After all, that seems to be the overall expectation of religion, sacrifice...

northernlurker · 19/07/2013 20:07

Crikey this thread should have a 'need tissues' warning attached. Lady - I am in awe of you making that choice at such a young age. Don't feel guilty. You were very generous in the face of overwhelming bereavment. Nobody would grudge you what you needed to get you through.

WHilst the issue of live donation is for me quite difficult in that I don't feel I would make a live donation except to my dcs who can have every bone in my body if they need them, I find the issue of donation after death of more organs to be absolutely simple and clear cut to me. It's the right thing to do. I am an 'active' Christian. My body is a shell. My soul is immortal. If I am selfish I take something away from my soul. My saviour, Christ, died for me and my job as a Christian is to be as Christlike as possible. Wanting to hang on to my pancreas and corneas after death would be the very opposite of that. I know dh feels the same.

rubystiles · 19/07/2013 20:39

Please can I just clarify some things as a specialist in organ donation, organ retrieval and transplantation as there seems to be lots of untrue or very misguided statements being made.

Firstly, any potential organ donor is fully assessed by 2 independent doctors (1 having to be a consultant) who are entirely disassociated with any organ retrieval or transplant teams.

On assessing an organ donor, all documentation, which is legal, must be thoroughly checked by all the retrieval team, that:

a) the donor has achieved full criteria for brain death
b) the donors family has given full consent to organ donation and
c) all relevant tests ie, blood group, size, age, blood results etc are all up to date

In theatre, absolute full respect is given to the donor and it is a very calm, peaceful environment with the most absolute awe of what this amazing person is doing for so many people.

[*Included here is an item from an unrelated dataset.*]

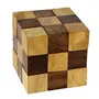 The wooden snake cube puzzle is made up of a long wooden chain of 27 "cubelets." By intricately bending placing and building the cubelets on top of one another you can create one solid cube. Each of the 27 cubelets is connected to one another with an elastic band on the inside to keep the cubes together but still bendable. When finished you'll have a 3-inch by 3-inch by 3-inch cube.

As I have attended many many retrievals, I would really like to state that any anathesia drugs are actually discontinued, as rightly mentioned, the donor is certified as brain dead and there is no need to give such drugs. I'm sorry if this puts anyone off but it is factual. That's not to say, the donor is not continually monitored during the retrieval, but that is to monitor observations such as heart rate, BP, sats, etc

I also have the pleasure of caring for the recipients and I have to say its one of the most rewarding jobs I have ever done. The life changes made to these people is just amazing and its all thanks to the organ donor. They truly do save lives.

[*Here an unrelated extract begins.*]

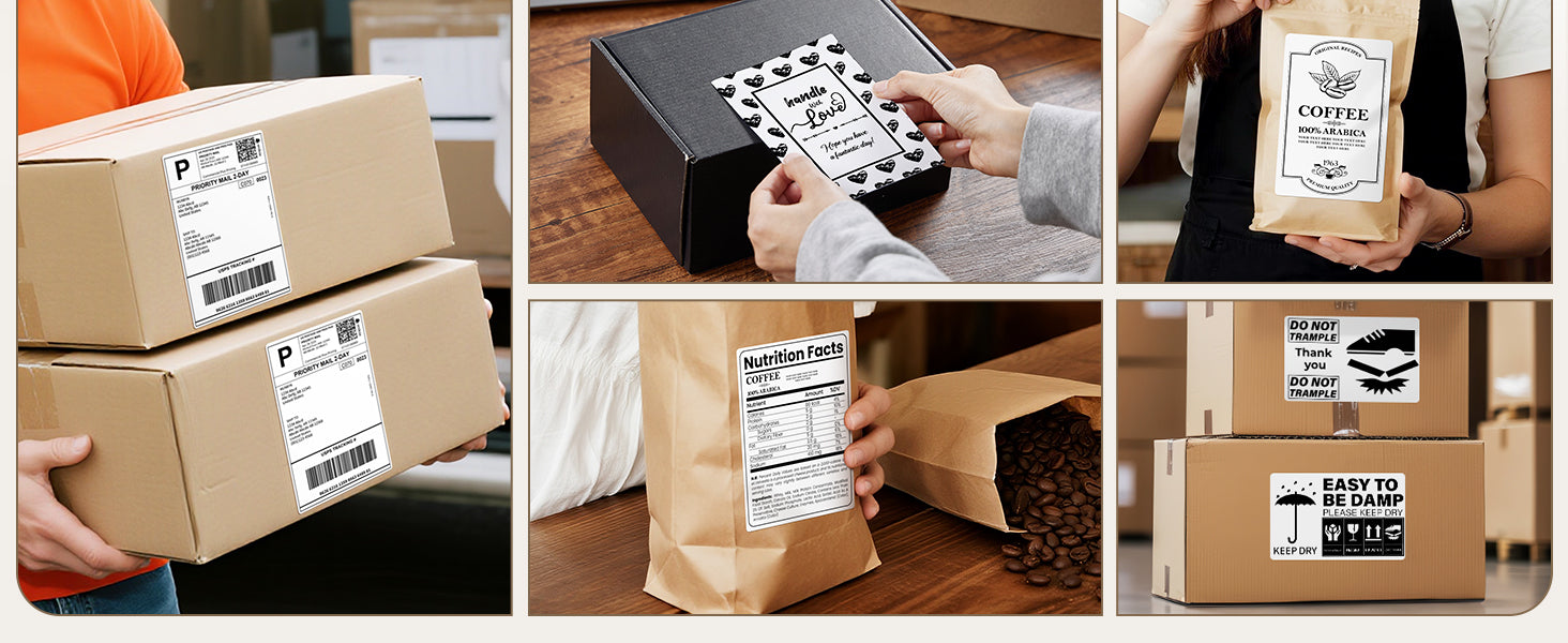 Shipping labels, product tags, barcodes, return labels.

Can I also dispel the myth that if you are on the register you won't be cared for as well as if you weren't. Nothing could be further from the truth. The team caring for you won't even know if you are on the register and it would only come up if everything possible had been done to save you. Not everyone is suitable to become an organ donor either so it really is a myth!

Sorry, I've seen lots of posts over the past few weeks on this matter and just wanted to add in my bit as I work in this area and have for a long time.

thegreylady · 19/07/2013 21:00

I had to come off the register when I had breast cancer/chemo.They won't even have my eyes according to GP although I am too old now any way.

Chunderella · 19/07/2013 21:47

This reply has been deleted

Message withdrawn at poster's request.